Первым я поведал свою историю, затем другие. Они были примерно одинаковыми. Девушка, являвшаяся с тортиком и менявшая лицо и фигуру в угоду одинокому хозяину квартиры, так или иначе покоряла его сердце, и тот, как остроумно сказал Николай Павлович, в конечном счете «играл в ящик».
Через три дня проснулись еще четверо, и нас стало семеро. Мы не спешили и, играя в «города», загадывая загадки, наперебой рассказывая интересные истории из жизни, дождались воскресения – у эрнян таможенной конторы выходные дни были как у людей. Утром мы сговорились и на раз-два-три раскачали стопку наших гробиков, - так, с подачи Алексея Сергеевича, самого старшего из нас, мы стали называть наши футляры. Та, к великой нашей радости, не устояла и рухнула на бетонный пол Хранилища Вещей, Не Допущенных к Перемещению. Гробик Николая Павловича, лежавший в стопке сверху, треснул от удара. Треснулся и сам Николай Павлович, потому что пришел он в себя лишь через полчаса. Тело его к этому времени подросло, давление на стенки гробика было критическим, и тот распался на составлявшие его дощечки.
Очувствовавшись, Николай Павлович тут же принялся нас освобождать, в этом ему помогали тусклая двадцати-ваттная лампочка, горевшая над входом в наше хранилище и, по мере освобождения, другие наши товарищи по несчастью.
Общим числом набралось нас четырнадцать, причем трое продолжали спать не поменяв даже позы. В общем, народа стало много, иной раз, из-за несоразмерности длин и роста, некоторым из нас казалось, что членов и мошонок в комнате гораздо больше людей. Перезнакомившись и устаканившись, наш кагал узрел насущную проблему нашего освобождения – мы все были наги и просто так бежать по людному городу не могли. Рассевшись кто где, стали соображать, что делать и тут выяснилось, что все одиннадцать членов совещания не хотели бы, чтобы наша история раскрылась обществу, попав в органы массовой информации или, хотя бы в сплетни. И потому, если мы появимся нагишом в воскресное утро Москвы, то толпа обозрения нам будет обеспечена вместе со стражами порядка, которые, несомненно, захотят провести немедленное дознание.

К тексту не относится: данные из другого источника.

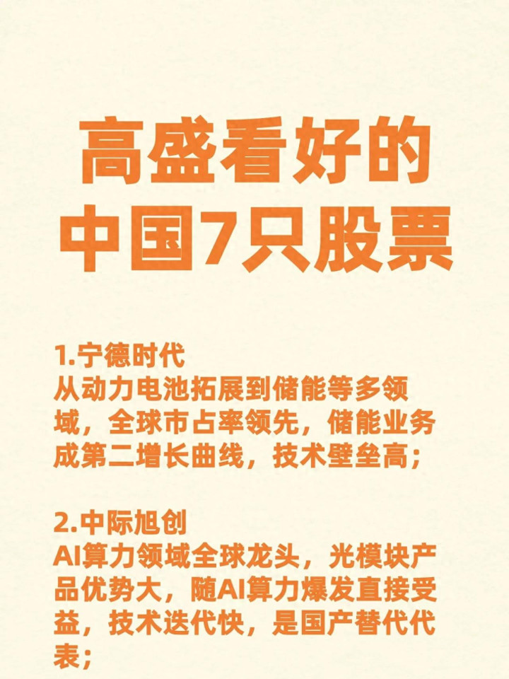 最近刷各类财经内容,无论是短视频照旧图文帖子,到处齐在传“高盛看好的7只中国股票”,驳倒区里清一色齐是求竣工名单、问能不可闭眼买入的一又友。说真话,我看到这种场景,既通晓全球的想法,又忍不住有点紧张。通晓的是,在市集里摸爬滚打的普通东谈主,齐想找个靠谱的投资地方,随着国际顶级投行的想路走,总比我方瞎蒙乱撞、追涨杀跌要强;紧张的是,太多东谈主只盯着那一串股票代码,一门心想想着抄功课,却根柢没想显明,高盛为什么会看好这些标的?它们能被外资盯上的中枢底气到底在哪?普通东谈主随着外资买股票,到底该遁入哪些坑?
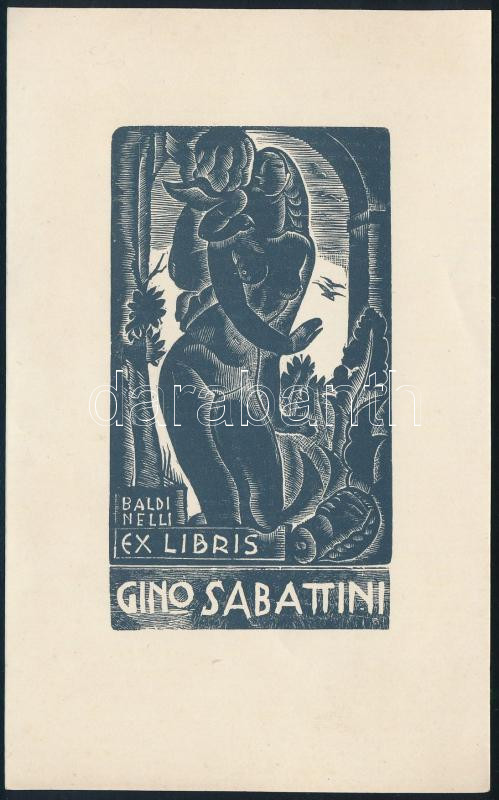 Armando Baldinelli (1908-2002): Ex libris Gino Sabattini, 1936 (erotikus könyvjegy). Fametszet, papír, jelzett a metszeten. 9,5x5,5 cm.
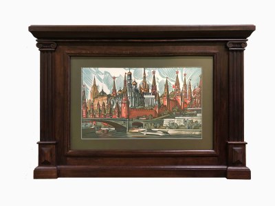 На яркой ксилографии изображены главные достопримечательности Москвы: набережная Москва-реки, Кремль, Храм Василия Блаженного, Кремлёвский дворец съездов, и Сталинские высотки.
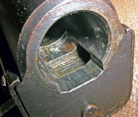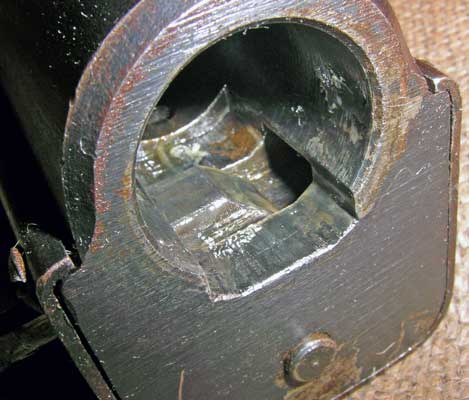 Here is the connecting part of the front half. Note the indexing hole to the right of the photo (it's below the barrel when the gun is oriented normally instead of being on its side). There is a peg on the front part of the rear half that fits in that hole to line things up. Now, take a look at the bottom of the barrel. See that notch? That's what the wedge fits into to hold the two halves together. The next photo shows it from a better angle.
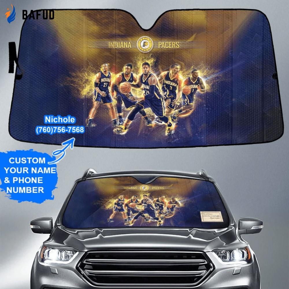 Introducing the Indiana Pacers Team V1 Personalized Name And Phone Number Custom Auto Sunshade Gift For Fans! Show off your team spirit and protect your car's interior with this stylish sunshade. Made with high-quality materials, it features the iconic Indiana Pacers logo and can be customized with your name and phone number.
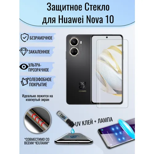 Защитное стекло Huawei Nova 10 с уф клеем и лампой Полноэкранное стекло Хуавей нова 10
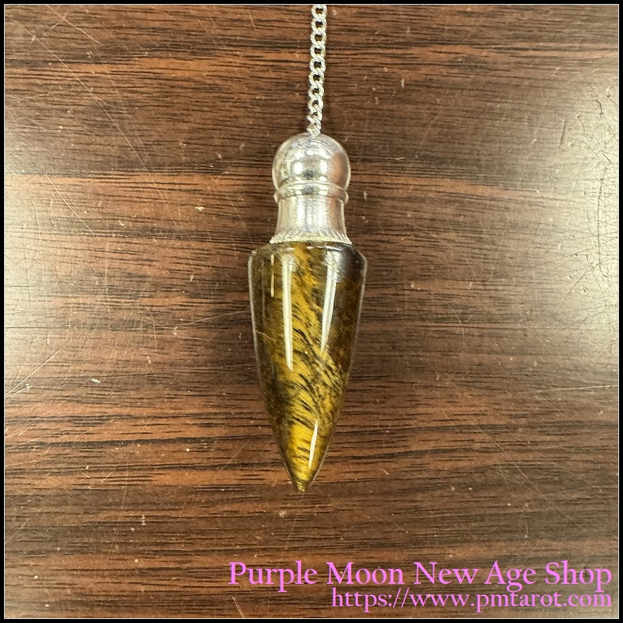 貨品介紹: This Golden Tiger Eye crystal pendulum features a chamber within allowing you to fill it with spell oil, crystal chips, herb, ash or dirt, or any magical aid for your divination and dowsing.
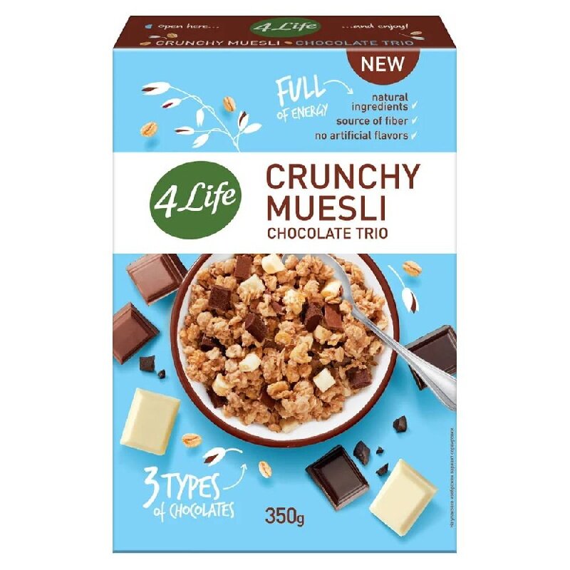 10 цен на Мюсли 4LIFE хрустящие Chocolate trio /картон/ 350г
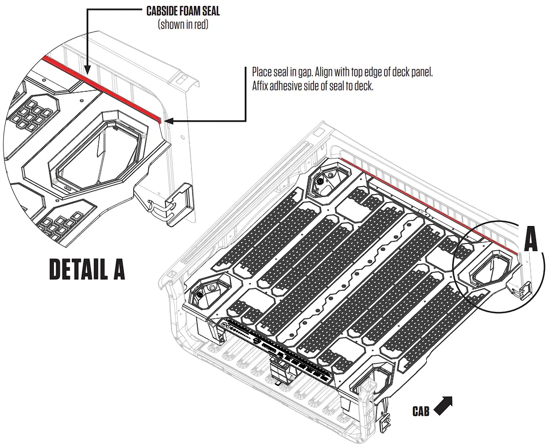 - Climb up on deck and place foam seal in the gap between the deck and cabside panel with the adhesive side facing the deck, not the truck, as shown in DETAIL A. The top edge of foam seal should be level with the top edge of the deck. NOTE: Depending on how the seal is unrolled, the paper carrier may not end up on the adhesive side of the seal. Check for stickiness in determining the adhesive side of the seal.
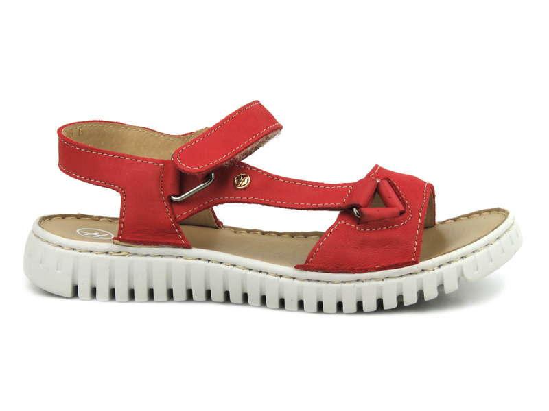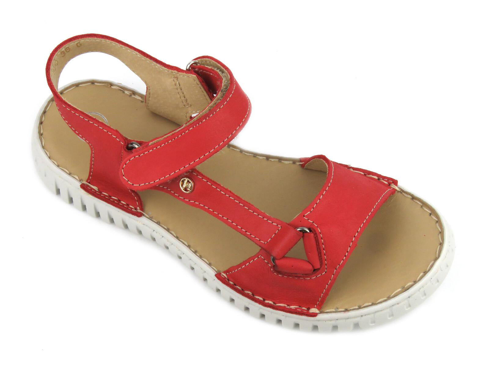 Dámské sandály renomované polské značky Helios Komfort jsou vyrobeny z kvalitní, červené, celozrnné přírodní kůže .
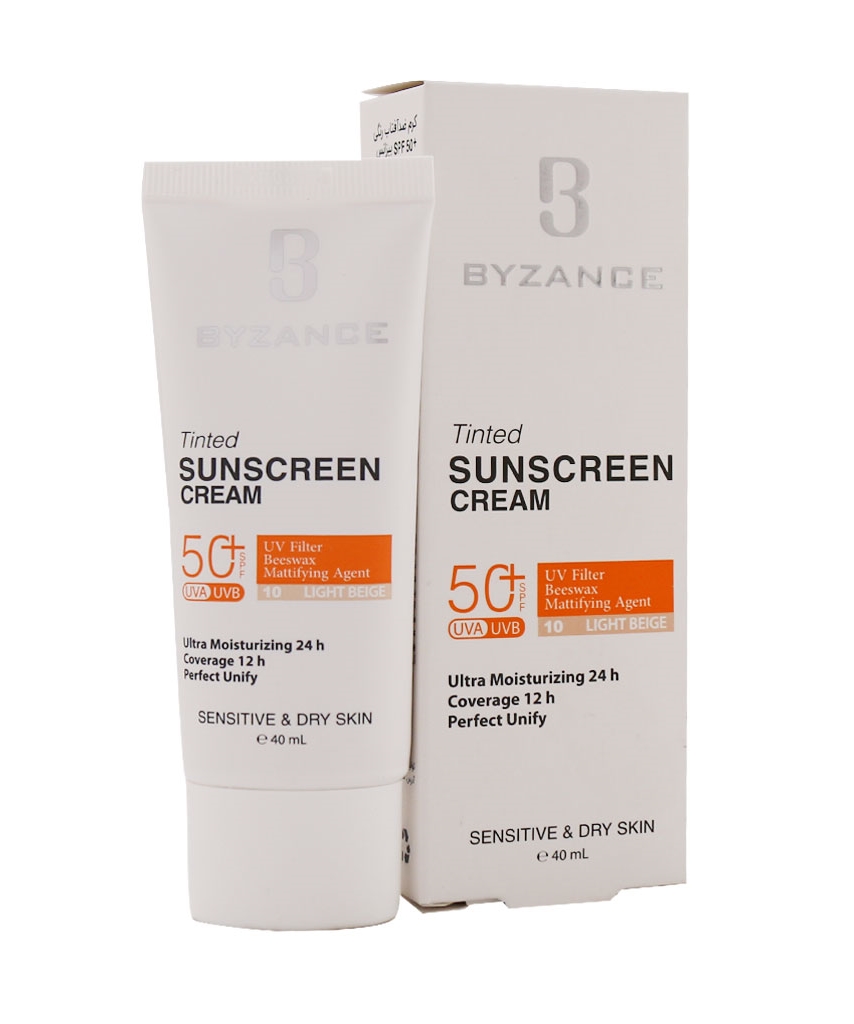 ضد آفتاب بیزانس TINTED SUNSCREEN مخصوص پوست های خشک تهیه گردیده است . این کرم علاوه بر محافظت از پوست درمقابل نور خوشید ، آبرسان و صاف و یکدست کننده پوست نیز میباشد . به دلیل بافت سبک کرم به راحتی روی پوست پخش می گردد و تا 12 ساعت بصورت مات روی صورت باقی میماند . بهتر است 30 دقیقه قبل از قرار گیری در معرض آفتاب از این کرم استفاده شود
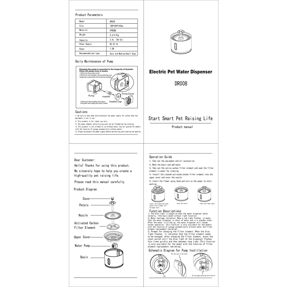 3. Дизайн водного режима: цветочный водопад: подходит для домашних животных с длинными волосами; Цветочный пузырек: такие нежные Домашние животные, как этот, и птицы любят купаться под водопадом; Мягко фонтан: много воды, идеально подходит для домашних животных, которые любят много пить
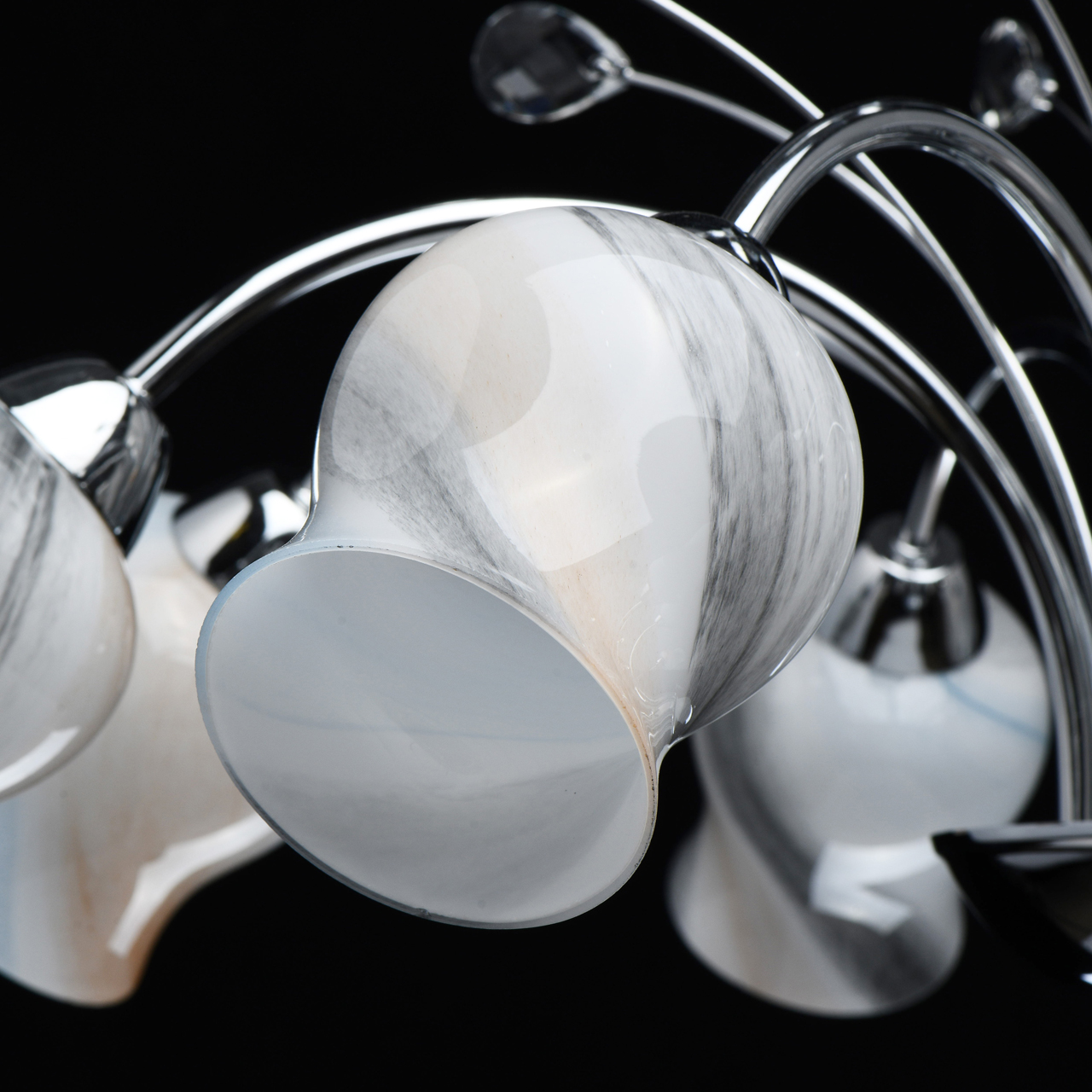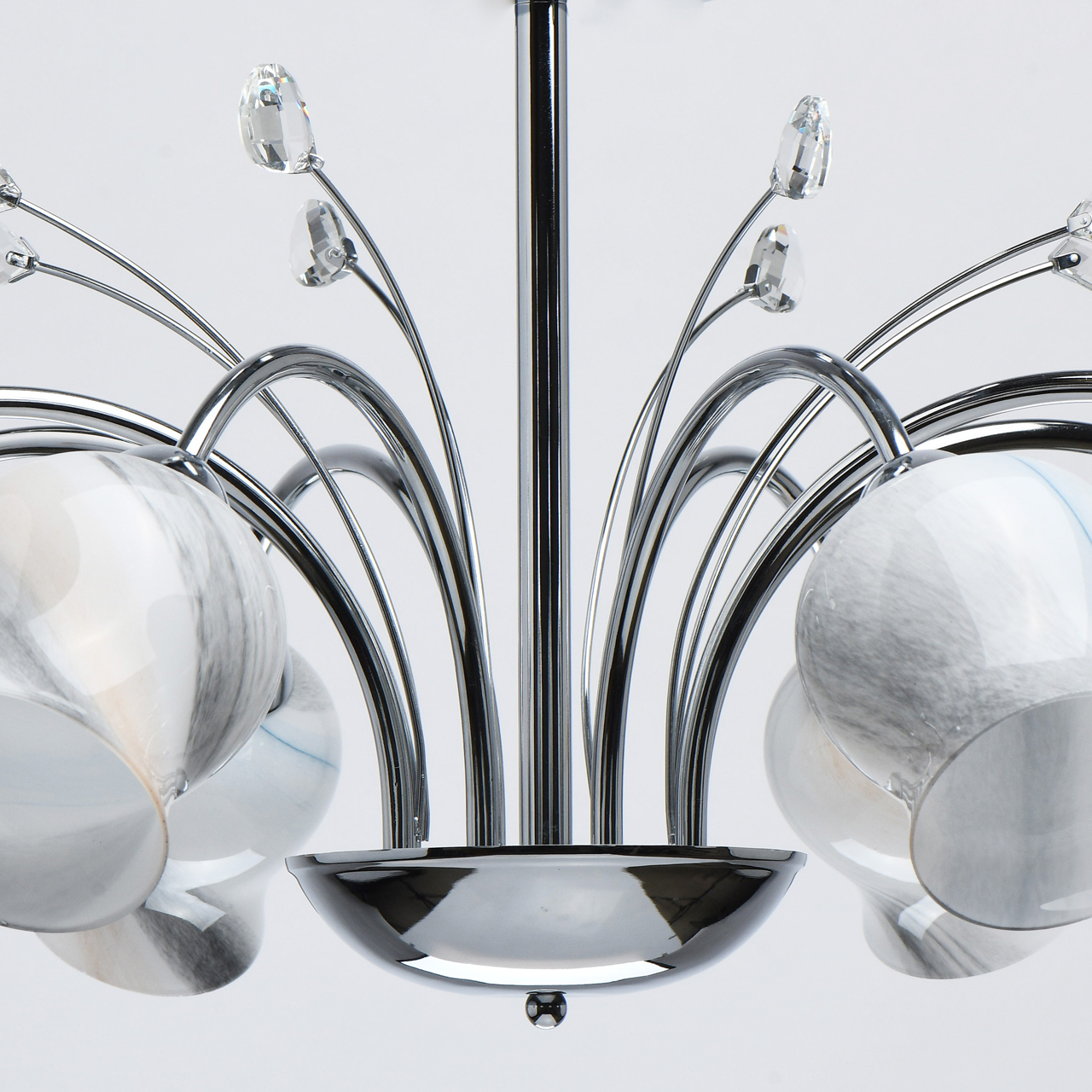 Металлическое основание светильника гальванизировано в цвет хрома. Стеклянные разноцветные плафоны отлиты в форму и окрашены в коричневый, серый, голубой и белый цвета. Светильник декорирован прозрачным хрусталем миндалевидной формы.Тип помещения

- У меня есть идея, - сказал Иван Алексеевич Боровиковский, по образованию ботаник, проснувшийся одним из последних. – Во-первых, нам надо открыть дверь, ведущую наружу. Что-то мне подсказывает, что все мы живем недалеко от места, где сейчас находимся…
- Почему вы так решили? – спросил его Владимир Васильевич Шитников, водитель такси, прекрасно знавший Москву.
- А вы представьте, что вы есть эрнянка, истосковавшаяся до мужчин. Далеко вы уйдете, вынырнув из кротовой норы Эрна-Земля.
- Вы правы, недалеко, - покивал Николай Павлович. – Я бы метров триста пятьдесят прошел.
- Значит, мы можем составить карту данного участка Москвы, - сказал я и пошел к конторскому столику, в ящике которого нашелся и карандаш, и лист бумаги.
Отодвинув стол от стены, мы расположились вокруг него.
- Вы на какой улице живете, милейший? - взяв карандаш, - спросил я у Владимира Васильевича.
- На Ставропольской, 12.
- Так, рисуем Ставропольскую улицу и дом, - стал я рисовать схему. - А вы Николай Павлович где обитаете?
- На 40 лет Октября…
…Через 15 минут мы все вместе изучали схему северной части Люблино с улицами и точками, обозначавшими места проживания жертв эрнянского нашествия женщин.
- Кажется, я знаю, где мы находимся. Вот здесь строение11, дробь 2 или 3, - ткнул Шитников пальцем в центр геометрического места точек нашего проживания. А как зовут самую истосковавшуюся эрнянку, скажет нам досточтимый Иван Алексеевич Боровиковский. Его дом в нескольких десятках метрах от нас.
- Ее зовут Алиса, - томно вздохнул Иван Алексеевич. – Хорошая была женщина, я бы за нее в черную дыру пошел…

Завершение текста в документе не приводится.